Each entry below should appear again exactly as written, without pictures.

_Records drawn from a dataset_
• • • •

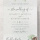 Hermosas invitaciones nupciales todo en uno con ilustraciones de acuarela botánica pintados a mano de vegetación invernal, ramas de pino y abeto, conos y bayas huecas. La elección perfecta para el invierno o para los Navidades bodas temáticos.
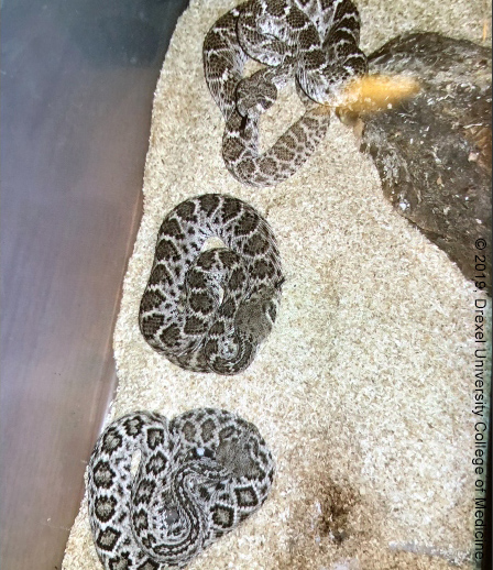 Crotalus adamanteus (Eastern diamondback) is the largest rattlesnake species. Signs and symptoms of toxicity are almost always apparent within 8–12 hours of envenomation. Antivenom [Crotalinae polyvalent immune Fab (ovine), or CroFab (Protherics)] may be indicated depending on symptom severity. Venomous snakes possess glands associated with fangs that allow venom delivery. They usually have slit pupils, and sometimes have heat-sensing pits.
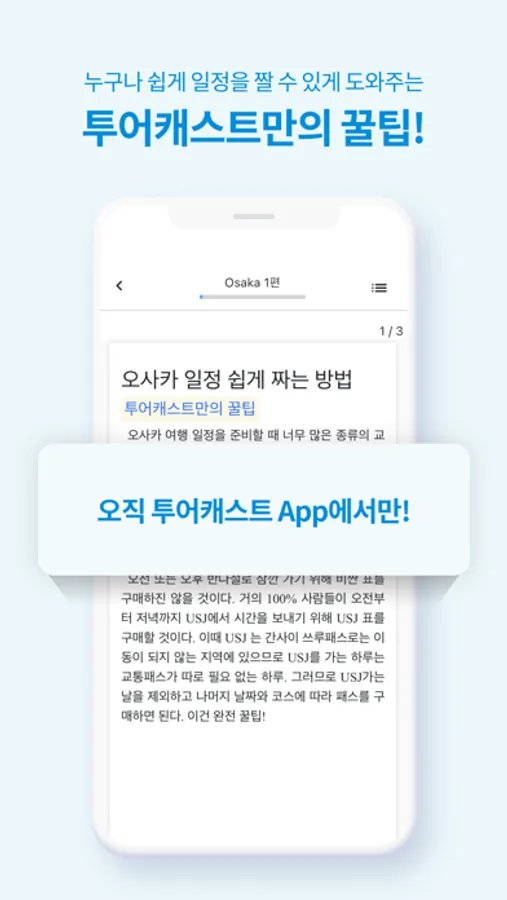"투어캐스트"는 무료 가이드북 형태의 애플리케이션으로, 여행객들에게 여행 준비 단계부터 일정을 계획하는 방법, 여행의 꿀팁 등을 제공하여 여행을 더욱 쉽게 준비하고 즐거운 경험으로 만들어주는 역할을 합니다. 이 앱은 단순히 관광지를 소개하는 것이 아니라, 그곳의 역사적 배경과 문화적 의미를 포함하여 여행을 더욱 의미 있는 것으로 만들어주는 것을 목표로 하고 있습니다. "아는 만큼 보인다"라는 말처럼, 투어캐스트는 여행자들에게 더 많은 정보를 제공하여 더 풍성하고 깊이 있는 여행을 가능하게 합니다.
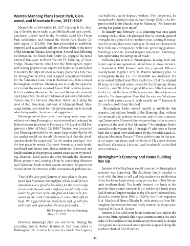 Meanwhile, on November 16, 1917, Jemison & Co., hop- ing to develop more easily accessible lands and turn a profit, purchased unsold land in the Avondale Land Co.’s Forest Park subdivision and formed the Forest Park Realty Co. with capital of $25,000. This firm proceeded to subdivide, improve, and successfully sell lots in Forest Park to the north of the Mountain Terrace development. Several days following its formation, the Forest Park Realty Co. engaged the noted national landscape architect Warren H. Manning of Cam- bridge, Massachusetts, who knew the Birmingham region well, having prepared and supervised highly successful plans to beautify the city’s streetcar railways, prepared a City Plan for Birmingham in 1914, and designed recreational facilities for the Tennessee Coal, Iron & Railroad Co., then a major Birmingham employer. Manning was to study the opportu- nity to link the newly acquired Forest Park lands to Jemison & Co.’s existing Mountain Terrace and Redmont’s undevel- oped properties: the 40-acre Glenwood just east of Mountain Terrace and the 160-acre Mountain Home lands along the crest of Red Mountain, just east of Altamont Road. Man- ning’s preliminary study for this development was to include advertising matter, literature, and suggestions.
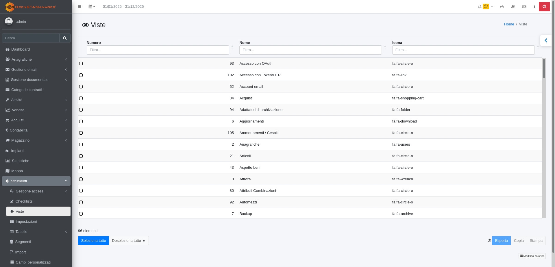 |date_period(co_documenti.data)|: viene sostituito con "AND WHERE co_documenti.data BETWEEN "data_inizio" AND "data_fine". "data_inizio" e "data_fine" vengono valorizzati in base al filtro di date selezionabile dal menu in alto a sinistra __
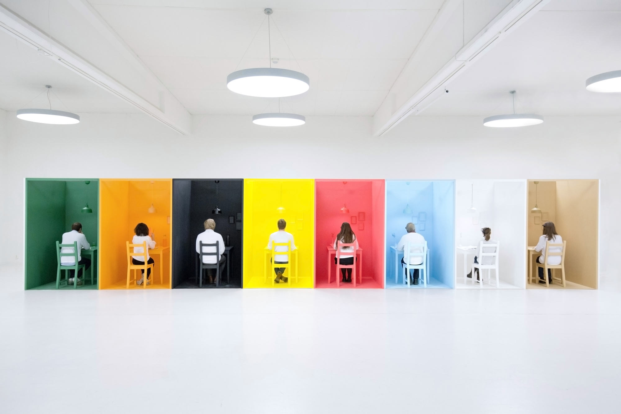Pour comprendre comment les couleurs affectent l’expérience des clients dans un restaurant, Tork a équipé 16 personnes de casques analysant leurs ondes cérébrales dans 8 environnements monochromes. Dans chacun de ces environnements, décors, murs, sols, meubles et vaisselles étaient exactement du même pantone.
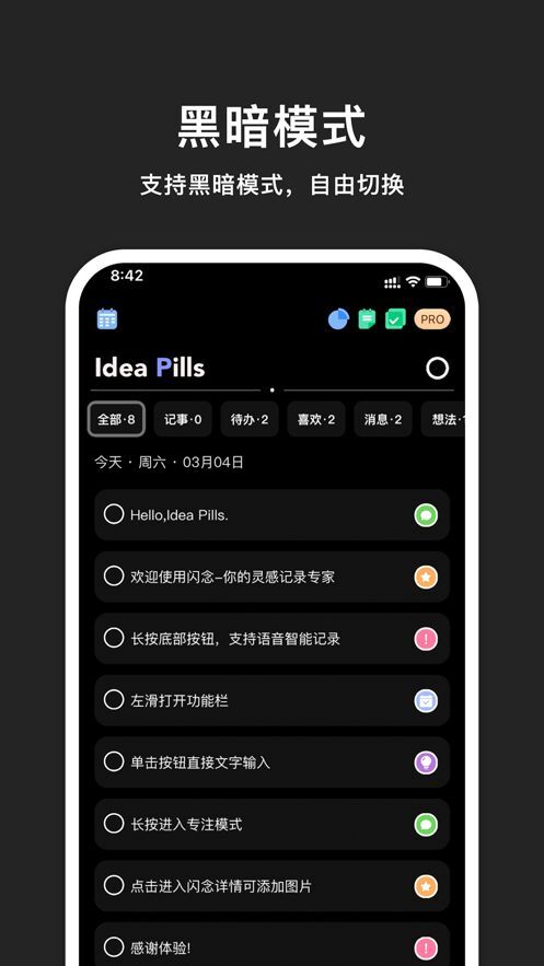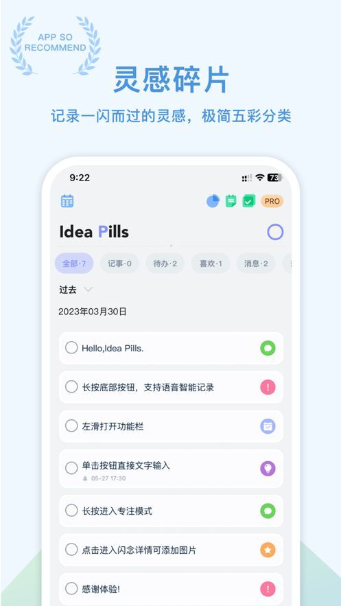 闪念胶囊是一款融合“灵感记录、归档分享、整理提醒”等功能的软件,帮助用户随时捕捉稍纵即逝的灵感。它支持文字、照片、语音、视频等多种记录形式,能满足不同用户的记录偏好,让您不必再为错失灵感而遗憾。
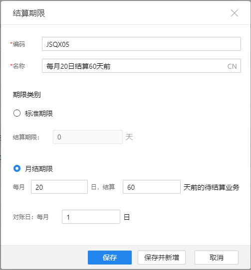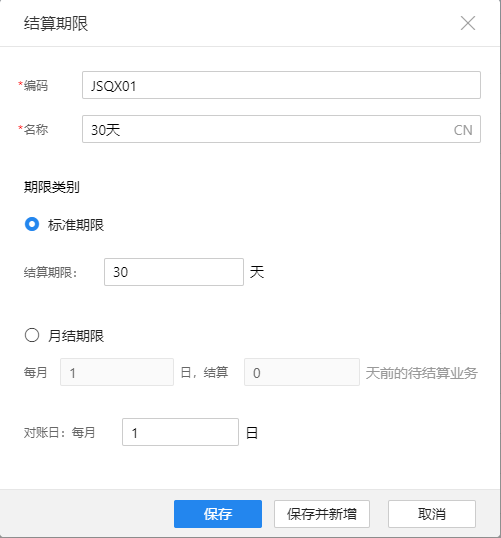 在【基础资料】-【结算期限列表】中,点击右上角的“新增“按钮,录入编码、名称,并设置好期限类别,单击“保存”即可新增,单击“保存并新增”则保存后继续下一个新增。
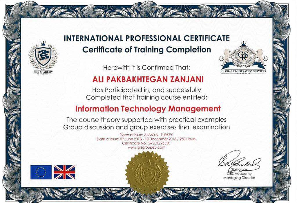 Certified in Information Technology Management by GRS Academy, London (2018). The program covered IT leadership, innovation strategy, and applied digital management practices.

• • • •

_Written solution_
 Hermosas invitaciones nupciales todo en uno con ilustraciones de acuarela botánica pintados a mano de vegetación invernal, ramas de pino y abeto, conos y bayas huecas. La elección perfecta para el invierno o para los Navidades bodas temáticos.
 Crotalus adamanteus (Eastern diamondback) is the largest rattlesnake species. Signs and symptoms of toxicity are almost always apparent within 8–12 hours of envenomation. Antivenom [Crotalinae polyvalent immune Fab (ovine), or CroFab (Protherics)] may be indicated depending on symptom severity. Venomous snakes possess glands associated with fangs that allow venom delivery. They usually have slit pupils, and sometimes have heat-sensing pits.
"투어캐스트"는 무료 가이드북 형태의 애플리케이션으로, 여행객들에게 여행 준비 단계부터 일정을 계획하는 방법, 여행의 꿀팁 등을 제공하여 여행을 더욱 쉽게 준비하고 즐거운 경험으로 만들어주는 역할을 합니다. 이 앱은 단순히 관광지를 소개하는 것이 아니라, 그곳의 역사적 배경과 문화적 의미를 포함하여 여행을 더욱 의미 있는 것으로 만들어주는 것을 목표로 하고 있습니다. "아는 만큼 보인다"라는 말처럼, 투어캐스트는 여행자들에게 더 많은 정보를 제공하여 더 풍성하고 깊이 있는 여행을 가능하게 합니다.
 Meanwhile, on November 16, 1917, Jemison & Co., hop- ing to develop more easily accessible lands and turn a profit, purchased unsold land in the Avondale Land Co.’s Forest Park subdivision and formed the Forest Park Realty Co. with capital of $25,000. This firm proceeded to subdivide, improve, and successfully sell lots in Forest Park to the north of the Mountain Terrace development. Several days following its formation, the Forest Park Realty Co. engaged the noted national landscape architect Warren H. Manning of Cam- bridge, Massachusetts, who knew the Birmingham region well, having prepared and supervised highly successful plans to beautify the city’s streetcar railways, prepared a City Plan for Birmingham in 1914, and designed recreational facilities for the Tennessee Coal, Iron & Railroad Co., then a major Birmingham employer. Manning was to study the opportu- nity to link the newly acquired Forest Park lands to Jemison & Co.’s existing Mountain Terrace and Redmont’s undevel- oped properties: the 40-acre Glenwood just east of Mountain Terrace and the 160-acre Mountain Home lands along the crest of Red Mountain, just east of Altamont Road. Man- ning’s preliminary study for this development was to include advertising matter, literature, and suggestions.
 |date_period(co_documenti.data)|: viene sostituito con "AND WHERE co_documenti.data BETWEEN "data_inizio" AND "data_fine". "data_inizio" e "data_fine" vengono valorizzati in base al filtro di date selezionabile dal menu in alto a sinistra __
Pour comprendre comment les couleurs affectent l’expérience des clients dans un restaurant, Tork a équipé 16 personnes de casques analysant leurs ondes cérébrales dans 8 environnements monochromes. Dans chacun de ces environnements, décors, murs, sols, meubles et vaisselles étaient exactement du même pantone.
 闪念胶囊是一款融合“灵感记录、归档分享、整理提醒”等功能的软件,帮助用户随时捕捉稍纵即逝的灵感。它支持文字、照片、语音、视频等多种记录形式,能满足不同用户的记录偏好,让您不必再为错失灵感而遗憾。
 在【基础资料】-【结算期限列表】中,点击右上角的“新增“按钮,录入编码、名称,并设置好期限类别,单击“保存”即可新增,单击“保存并新增”则保存后继续下一个新增。
 Certified in Information Technology Management by GRS Academy, London (2018). The program covered IT leadership, innovation strategy, and applied digital management practices.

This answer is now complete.